Was bedeutet es, links zu sein? Für den einen kann das heißen, in einem besetzten Haus zu leben, sich um benachteiligte Menschen zu kümmern, miteinander zu leben und zu diskutieren, und am Wochenende gegen rechte Veranstaltungen zu demonstrieren. Schilder hochhalten, Slogans skandieren, solche Sachen. Was um Himmels willen nicht falsch zu verstehen ist! Es ist wichtig, dass es Menschen gibt, die so etwas tun, die den fälschlicherweise „Rechtspopulisten“ genannten Neonazis wenigstens ein klein wenig versuchen Einhalt zu gebieten, und die vor allem ein soziales Miteinander leben und aller Welt zeigen, dass diese Lebenseinstellung sehr wohl funktioniert, gerade auch als Gegenentwurf zu aus dem Ruder gelaufenen Dingen wie dem (derzeitigen) Kapitalismus.

Für einige wenige andere wiederum bedeutet links sein etwas mehr. Nicht nur Schilder hochhalten bei der Demo, sondern Aktionen planen und ausführen. Autos von Nazis kaputtmachen zum Beispiel. Oder rechte Aktivisten ausspähen und in deren Abläufe Sand streuen. Es geht darum, zu versuchen, Neonazis so wenig Raum wie möglich zu lassen, damit die Rattenfänger wenigstens ein bisschen Probleme bekommen beim Einfangen ihrer Opfer. UND MORGEN DIE GANZE WELT zeigt diese beiden Entwürfe aktiven Linksseins, stellt sie gegeneinander, und zeigt, dass das Verprügeln von politischen Gegnern, die selber keine Gewalt scheuen, auf jeden Fall gefährlicher ist als das untereinander diskutieren, aber offensichtlich, so scheint es, auch sehr viel lohnender. Im Sinne einer Ausschüttung von Glückshormonen. Wie eine riesengroße Schnitzeljagd, wie ein Räuber und Gendarm-Spiel auf der Suche nach den spannenden Informationen, um den Rechten ordentlich ein Bein zu stellen. Dass da mal was schief gehen kann, OK, aber für die großen Jungs (und das eine Mädel) im Film ist das schon ziemlich ein Lebensentwurf. Trotz Verfolgung durch die Polizei, trotz massivem Gegenwind durch die Nicht-so-extrem-Linken, trotz der Gefahr, den Nazis in die Hände zu fallen, trotz allem ist das wie Extrembergsteigen ohne Vorbereitung und Seil. Oder mit 200 Sachen am Frankfurter Kreuz – Eine Mischung aus Adrenalin und Serotonin …
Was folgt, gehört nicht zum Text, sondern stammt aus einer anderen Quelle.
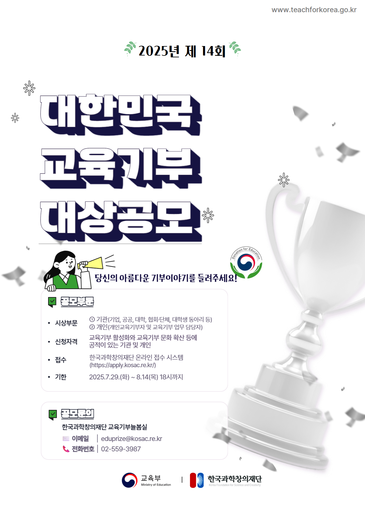 2025³â Á¦ 14ȸ ´ëÇѹα¹ ±³À°±âºÎ ´ë»ó °ø¸ð | ||

Oder verstehe ich den Film falsch? Prinzipiell versucht uns Regisseurin Julia von Heinz doch klar zu machen, dass gewalttätige Aktionen gegen Nazis sicher nicht immer und in jedem Fall gut zu heißen sind, aber unter dem Aspekt eines Abenteuers dann eben doch in Ordnung gehen. Lenor bringt zwar irgendwann mal das Argument ins Spiel, dass man sich mit diesen Aktionen auf die gleiche Stufe stellt wie die Gegner, aber auch Lenor wird irgendwann weitermachen. Die Sache mit dem Adrenalin halt …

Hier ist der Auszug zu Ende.